Шпилька покачивается у нее на затылке, как ключик от дверцы. Поверни – а внутри иссохшей учительской черепушки старенькое расстроенное пианино, две канарейки, дырчатая шаль и подписка на газету «Правда». Между прочим, эта газета до сих пор у нас на антресолях валяется. Желтая, точно прокуренная.

– Я не знаю, что отвечать, Инна Сергеевна.

– Про тайфуны, смерчи и торнадо.

Блин, какая зануда!

– Смерч, тайфуны и торнадо нафиг нам сюда не надо, – сообщила я.

Класс заржал.

До географички дошло, что я просто не готова к уроку. Я ожидала, что она, как обычно, скажет: «Садись, Нечаева, два» – и вся эта глупость закончится. Но Инна Сергеевна мигнула два раза, словно заводная кукла, чуть наклонилась вперед – клянусь, я расслышала механический скрип, – и отчетливо выговорила, обращаясь куда-то к портрету Миклухо-Маклая:

– Если вы видите смерч и вам кажется, что он не движется, это значит, что он движется прямо на вас.

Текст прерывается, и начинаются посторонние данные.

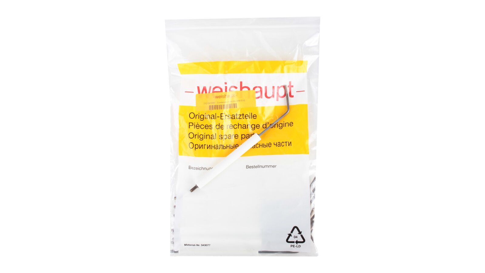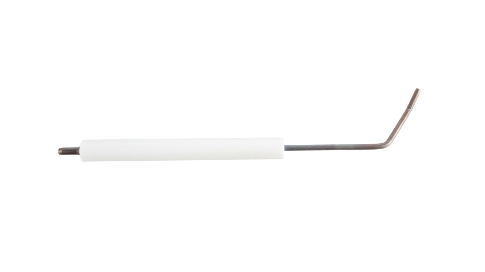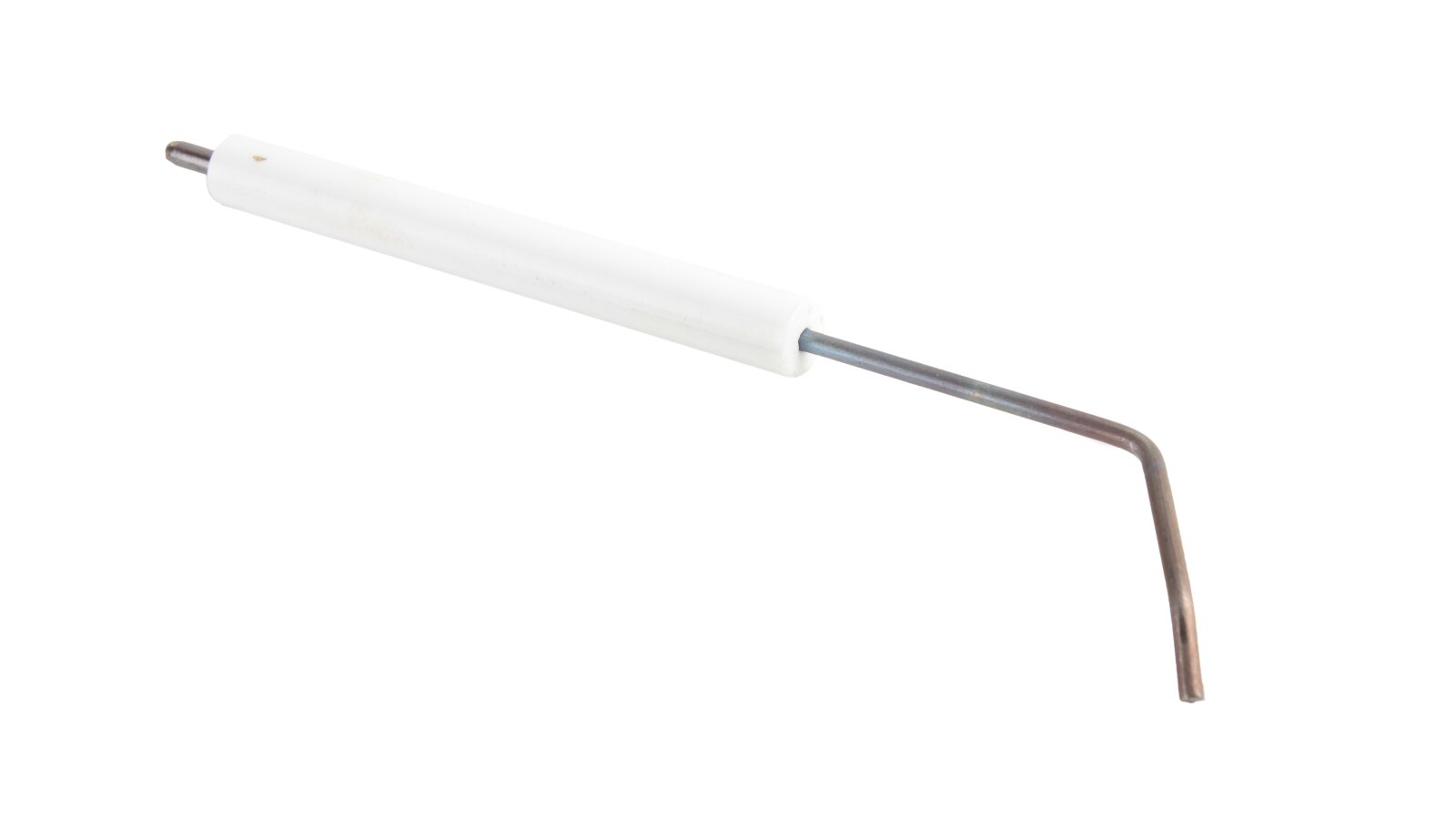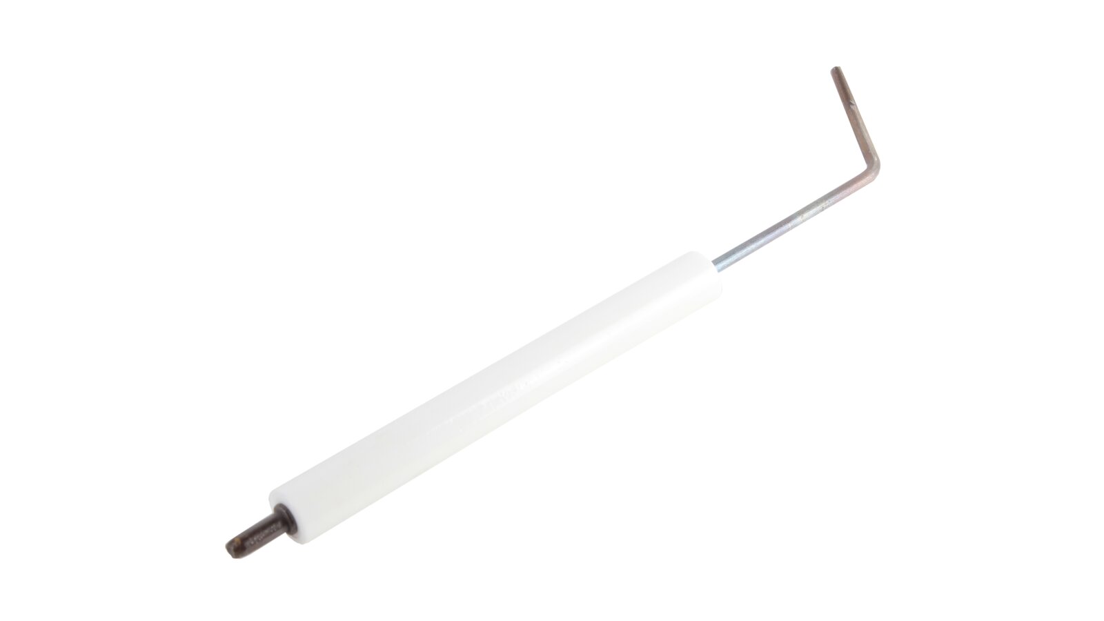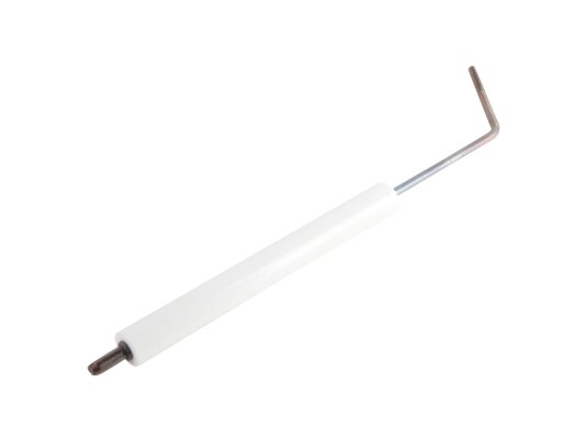The right ignition electrode Weishaupt 182 mm, 21210410097 is used for quick and safe ignition of the fuel-air mixture when using liquid fuel burners. In combination with the left electrode, it creates an electric arc that ignites the combustible mixture. Both electrodes are connected to an ignition transformer that generates high voltage current.
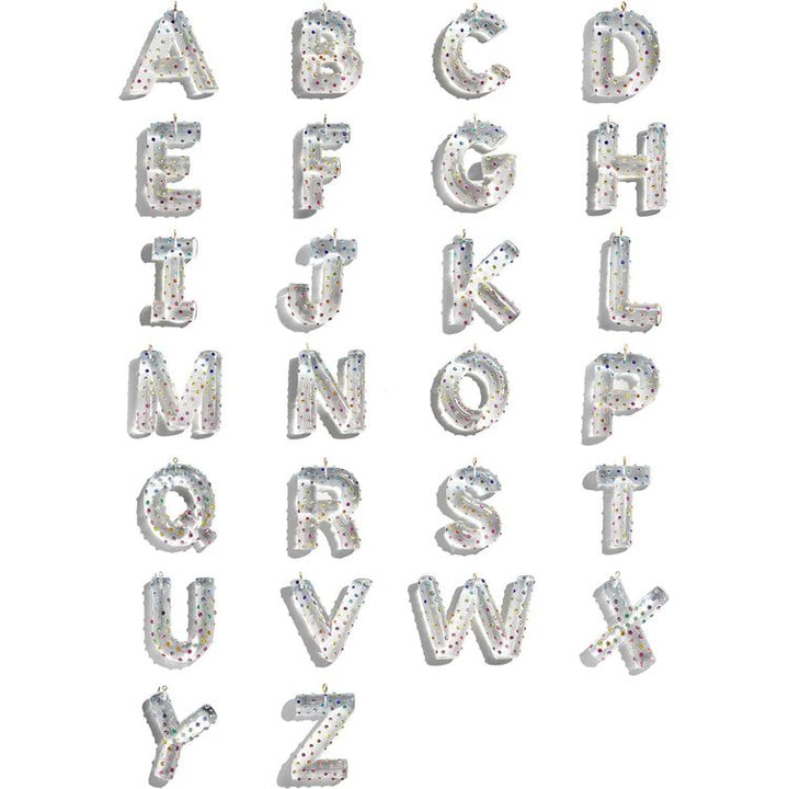 Add some vibrant hues to your bag with the Confetti Initial Bag Charm. Featuring the letter of your choosing in a bold, bubble-letter font, embellished with dainty multicolored stones for added sparkle. Keychain closure Clear initial with rainbow studded gemstones. Dimensions: 5.07" x 2.4"  Ages 3+ Materials: 60% res
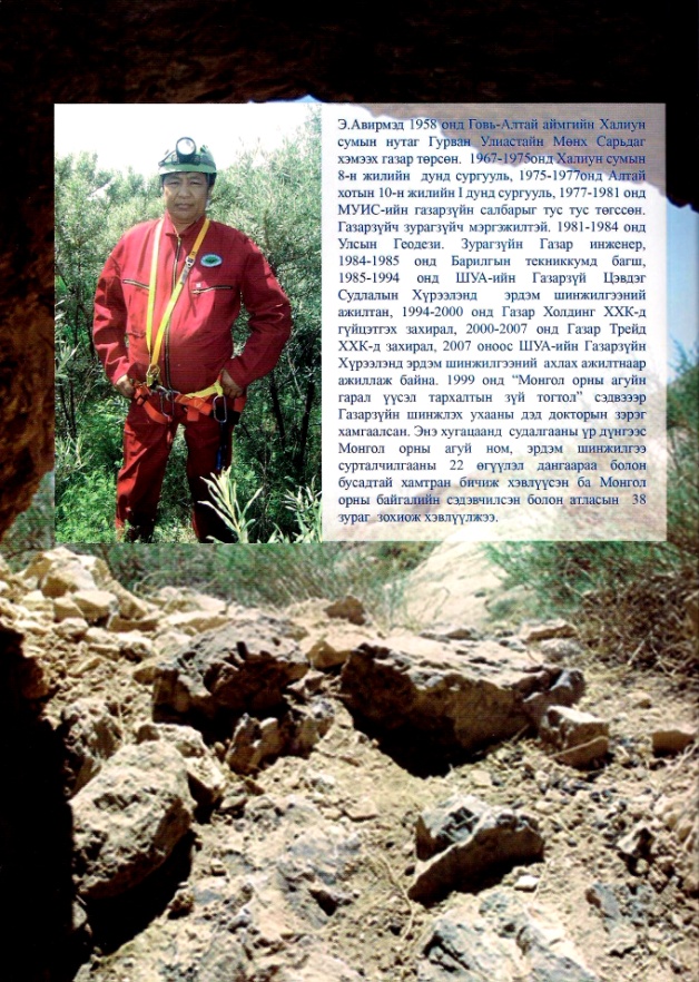 ШУА-ийн Газарзүйн хүрээлэнгийн Физик газарзүйн секторын эрдэм шинжилгээний тэргүүлэх ажилтан доктор (Ph.D) Эрдэнэдалайн Авирмэд «Агуй» хэмээх ганц сэдэвт зохиол хэвлүүлж олны хүртээл болгож байна.Энэхүү бүтээлийг академич О.Төмөртогоо нар шүүн тунгаажээ. Зохиогч агуй болон түүний доторх бүрэлдэлийн тухай өөрийн сүүлийн 20 гаруй жилийн агуйн судалгааны материалд тулгуурлан бичжээ. Зохиогч номондоо монгол орны агуйд бүрэлдэн бий болсон агуйн бүрэлдэлүүдийг дэлхийн зарим агуйд бүрэлдэн бий болсон агуйн бүрэлдэлтэй харьцуулан судалж унжуу, ургуу бана, агуйн шүр, хөшигөн бана, гахайн махан бана, арганит, агуйн эрдэнэ шиш, гипсэн цэцэг,бамбай, тавцан чулуу, мушгиас, чулуун цэцэг, чулуун хүрхрээ зэрэг 30-аад хурдас чулуулгийг олж бүртгэн оруулжээ. Оксфордын их сургуультай хамтран говийн агуйн 10 спелеотемийн насыг U-Th аргаар тогтоосон нь Монголын говь цөлд сүүлийн 550 000 жилийн туршид тасралтгүй үргэлжилсэн ус чийг багатай хуурай халуун нөхцөлтэй байсныг тогтоосон ба энэ нь спелеотемийн ургалт зогссон байдал, спелеотемийн насаар батлагдаж байгаа юм.
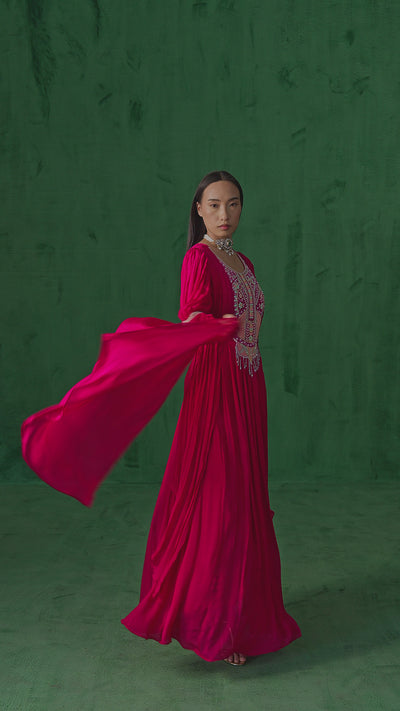 Deep Pink Embellished Padded and Pleated Gown with Can-can and Flair Sleeves
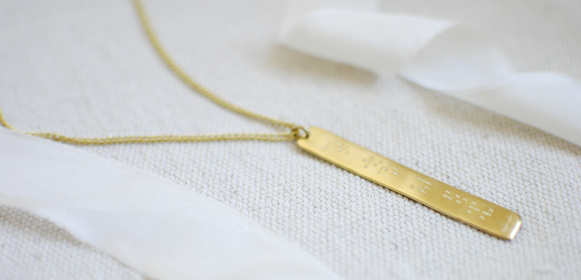 Are you or a friend dealing with that kind of a situation where you’re trusting God for something "in the course of time”? We know how incredibly hard that can be. That’s why we are offering these hammered pendant necklaces with the phrase “See With My Heart” written in braille.
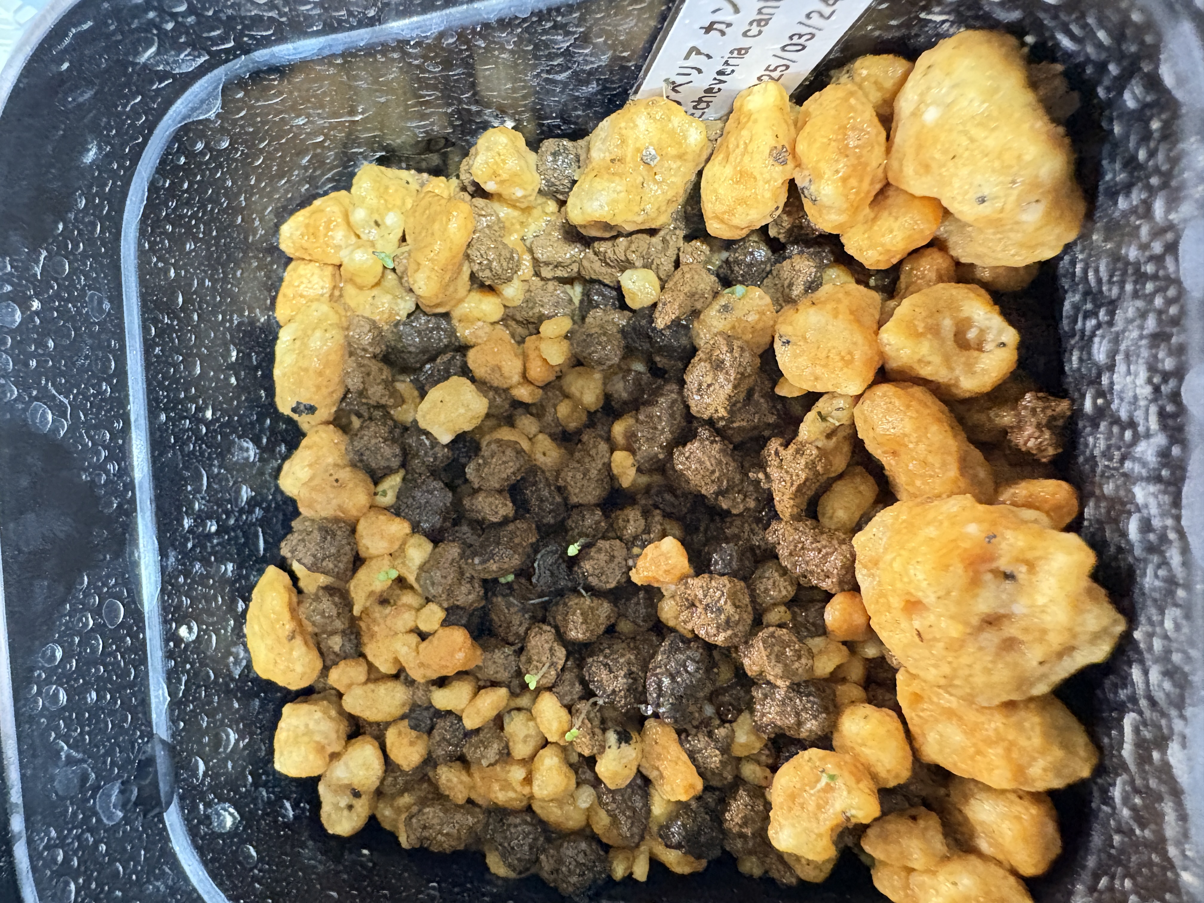 赤玉土1と鹿沼土1を混ぜた土を使用し、ベンレート希釈液を腰水と霧吹きで与えました。
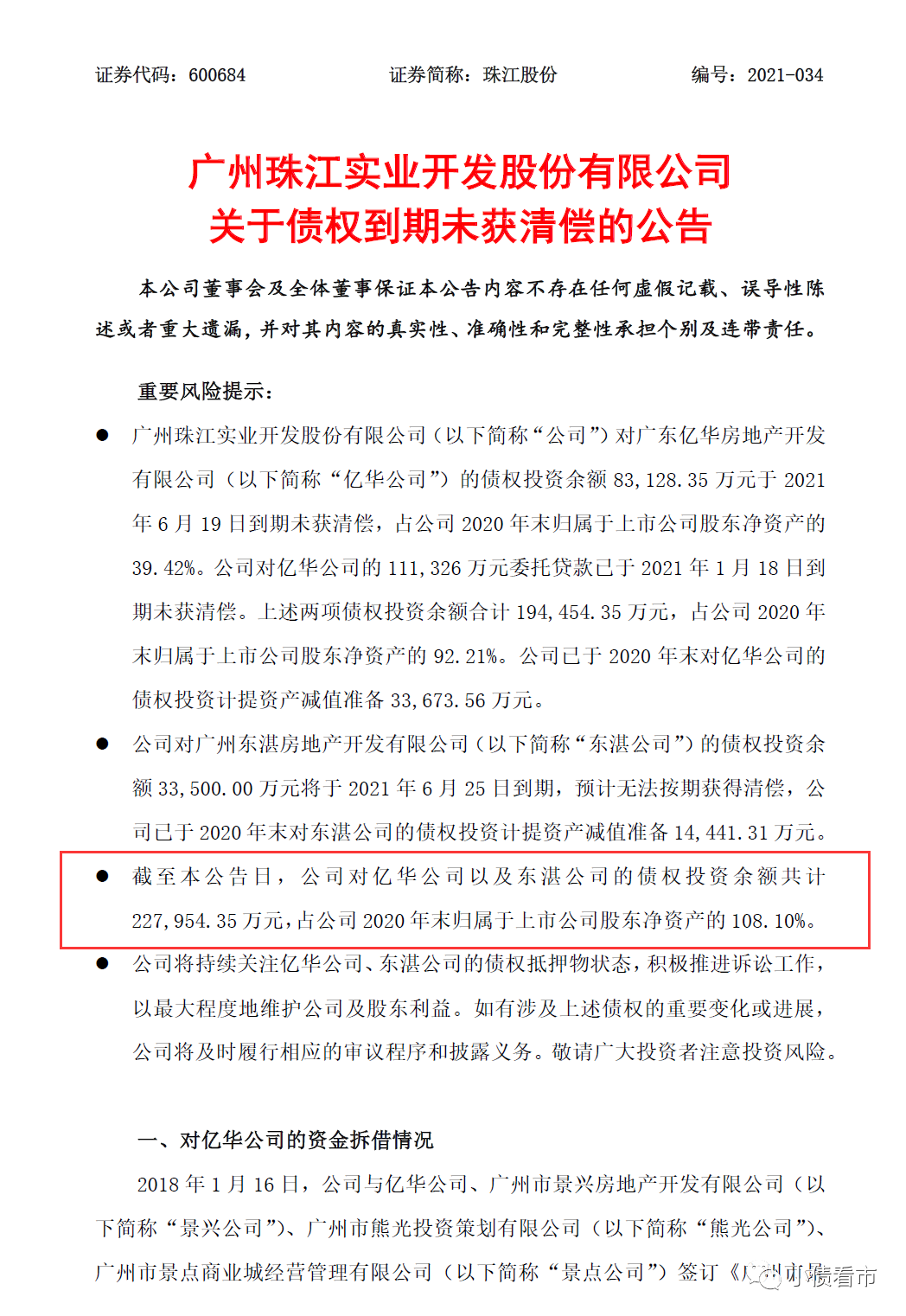 6月22日,珠江股份(600684.SH)公告稱,其對億華公司債權(quán)投資余額8.3億元于2021年6月19日到期后未獲清償。
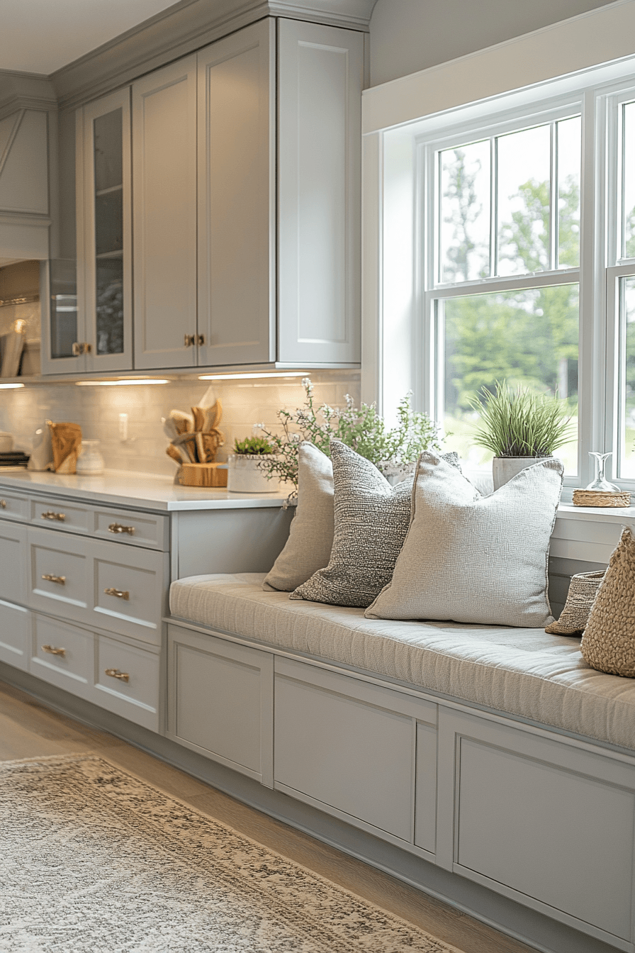 A built-in banquette instantly turns a cozy kitchen into a charming and functional gathering spot. Cushioned seating, layered pillows, and soft textiles create a snug corner you’ll love using daily. It makes great use of space while adding warmth and personality. This setup works beautifully for both small kitchens and larger layouts. It becomes the perfect place to relax, sip coffee, or share a meal. Click to discover cozy banquette ideas for your kitchen.
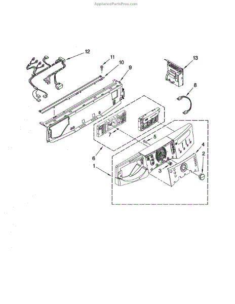 Complete wire harness assembly for washers. Routes electrical connections between control boards, sensors, and components. Replaces damaged, frayed, or broken harnesses with cracked connectors.
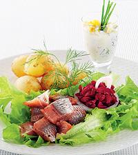 Matjestallrik och gräddfilssås med ägg
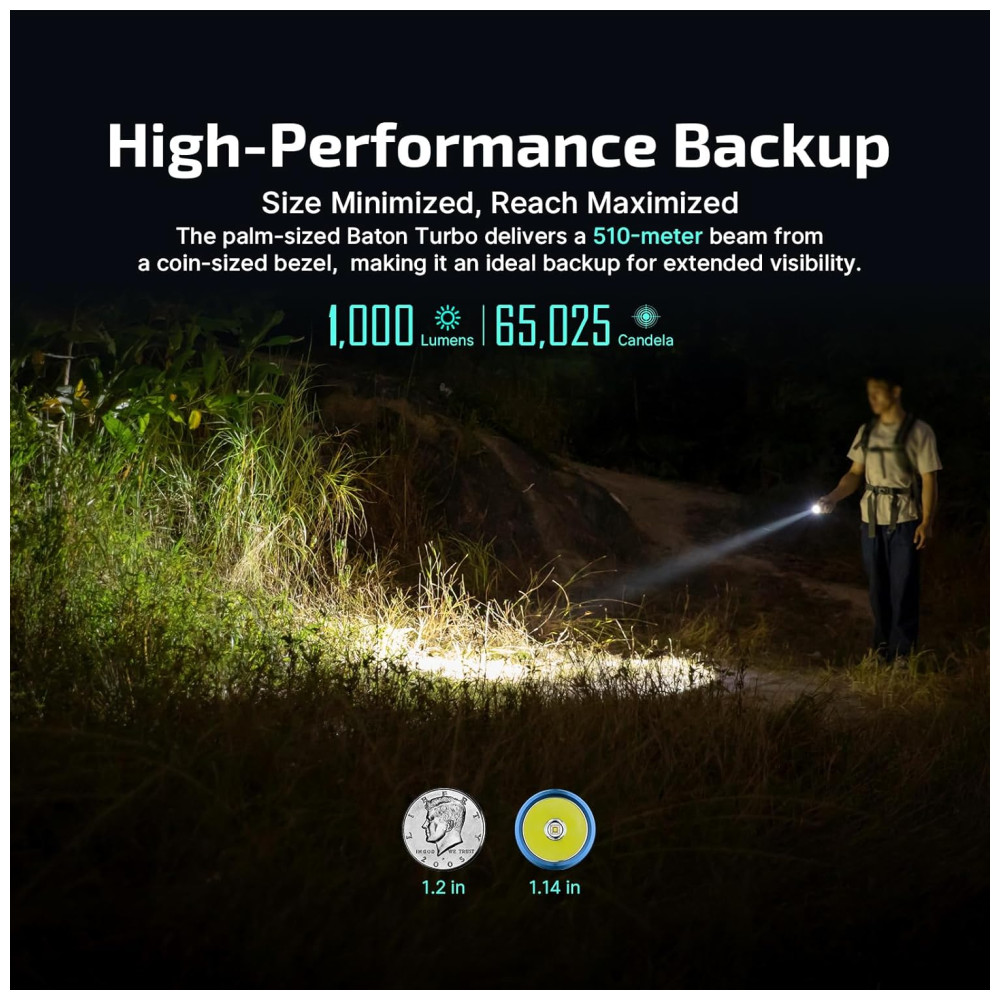 Lanterna Recarregável OLIGHT BatonTurbo EDC 1000 Lumens Compacta e Brilhante com Alcance de 510 Metros Ideal para Busca Resgate e Emergências
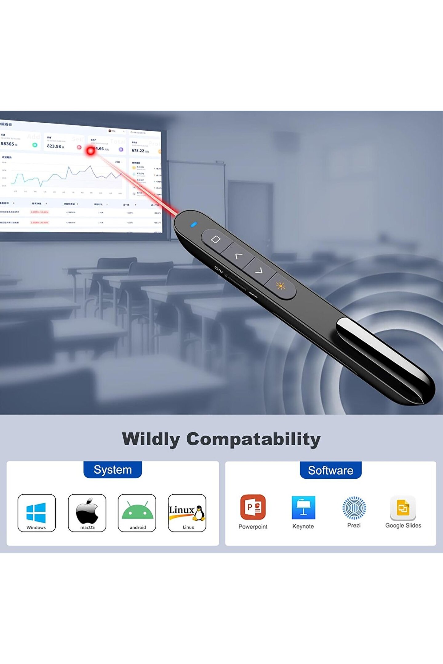 Kırmızı Lazer İşaretçi - ① Bu Sunum Tıklayıcısı IEC-60825-1 güvenlik lazer standardına kesinlikle uygundur; ② Kırmızı lazer işaretçisi çoğu arka plana karşı açıkça görülebilir. LED LCD TV ekranları için tavsiye edilmez

Все замолчали. Я откровенно растерялась. Это было так странно, словно в соседе, вечно рыгающем тупом пьянчуге, вдруг прорезался оракул. Пока ее рука выводила двойку напротив моей фамилии, я вернулась на свое место и села в полной тишине.

– Рубцов, к доске, – сказала географичка.


В две тысячи двенадцатом я видела беду. Видела, как она застыла в сухом воздухе – поодаль, как мне казалось.

Все это время я смотрела на нее, как последняя дура, не понимая, что она движется прямехонько ко мне. А потом она прошлась по нам вихрем и разметала в клочья нашу маленькую жизнь.

2

Но в две тысячи восьмом всего этого я даже представить не могла. Да мне и не особенно нравилось что-то представлять. Карамазов часто повторял: «Память – блестящая, воображения – ноль». И складывал из указательного и большого пальцев морщинистый кружок, поросший черными волосками.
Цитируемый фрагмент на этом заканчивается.